Reviewed by Bill Breakstone, December 24, 2010
The Last Economic Superpower is a brand new economics book written by Joseph P. Quinlan, a Senior Fellow at the Paul H. Nitze School of Advanced International Studies of Johns Hopkins University. It reinforces the vast economic impact that the Great Recession is having on the world’s economy.
The narrative begins by analyzing the two eras of economic globalization that took place since 1870. The first, beginning during the last three decades of the 19th Century, was marked by rapid global growth, robust trade, and strong cross border flows of investment. The economic leaders at that time were the United Kingdom, Germany and France. With the onset of World War I, that era of globalization came to an end, nor would it return after the War. World War II finally brought an end to The Great Depression, but both wars did massive damage to the world’s economy, and it was not until the 1950s that the developed nations were finally getting back on their feet.
The second era of globalization had its roots in the late 1960s. At that time, the U.S. dollar acted as the world’s reserve currency. It was backed by gold, “meaning that the United States was committed to exchanging gold for dollars at a fixed rate of $35 per ounce. The system worked as long as foreign claims matched the size of U.S. gold reserves. Late in the 1960s, however, the fixed exchange rate came under increasing strain. As Europe and Japan healed from the ravages of war, they made rising exports to the United States the key to their recovery, and as a result their dollar holdings gradually exceeded the U.S. stock of gold. This important shift, along with rising inflation, slowly eroded confidence in the U.S. dollar and America’s commitment to the Bretton Woods system. President Nixon capitulated in August 1971 by ‘closing the gold window,’ thereby effectively ending the Bretton Woods system.”
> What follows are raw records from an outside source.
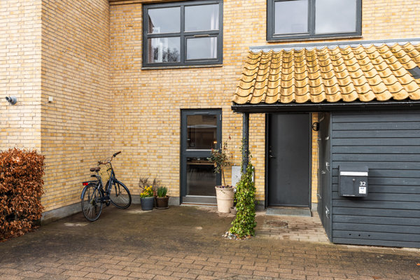Facaden fremstår indbydende med gule mursten, fine vinduespartier og hyggelige detaljer. Udendørsarealet giver en naturlig overgang fra det fri til hjemmet.
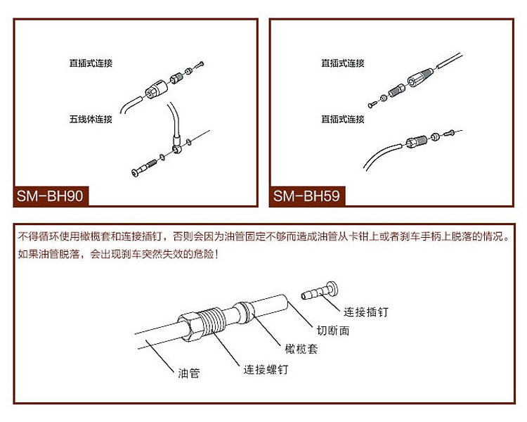 說明:欖頭是靠變形包在油管上起到固定與密封作用的,使用后的橄欖頭會變形且不可拆卸,所以鎖橄欖頭是一次性的。shimano剎車油管分為BH90/BH59,不同油管需要使用對應(yīng)橄欖頭跟油針。
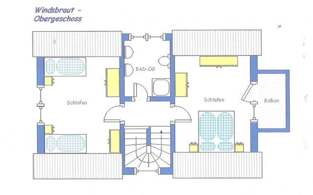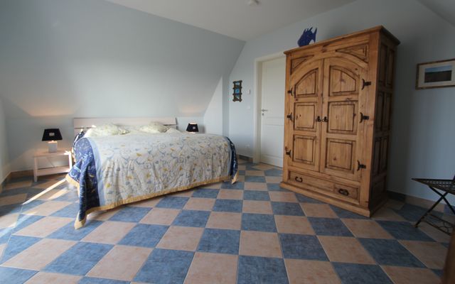 Im Obergeschoss des Hauses befinden sich zwei Schlafzimmer für insgesamt vier Personen. Diese sind liebevoll und charmant eingerichtet. In jedem der Schlafzimmer befinden sich zwei Stühle zur Kleiderablage sowie ausreichend Schrankraum, so dass Sie auch im Urlaub reichlich Platz für Ihre Garderobe haben.
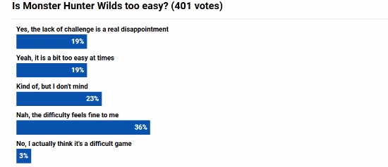 截至发稿前,共有401人参与投票。有19%的玩家认为缺乏挑战性,令人失望;有19%的玩家认为有些太容易;有23%玩家认为简单但能接受;有36%的玩家认为难度恰好,很适合自己;只有3%的玩家认为难度较高。
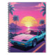 Notebook de automóveis retrorreflectores, com vaporwave futurística

The new era of globalization began in the first part of the 1980s, as “the holy trinity of deregulation, privatization, and trade and investment liberalization raised world output, bolstered global trade and investment, and lifted millions out of poverty in India, China, and other developing nations.”
“As globalization blossomed over the last 25 years of the twentieth century, so did the economic superpower status of the United States . . . with the America taking the lead in designing, creating, and dominating the multilateral institutions governing the global economy. It was the United States, albeit with support from Europe and Japan, that largely set the rules of global economic engagement for the rest of the world in the last half century.” With the collapse of the Berlin Wall in 1989 and the disintegration of the Soviet Union a few short years later, Democracy had triumphed over communism and free-market capitalism had trumped central planning. “The world had shifted from a bipolar world to a “unipolar” world, and the United States—the world’s lone superpower—unequivocally stood above the rest.”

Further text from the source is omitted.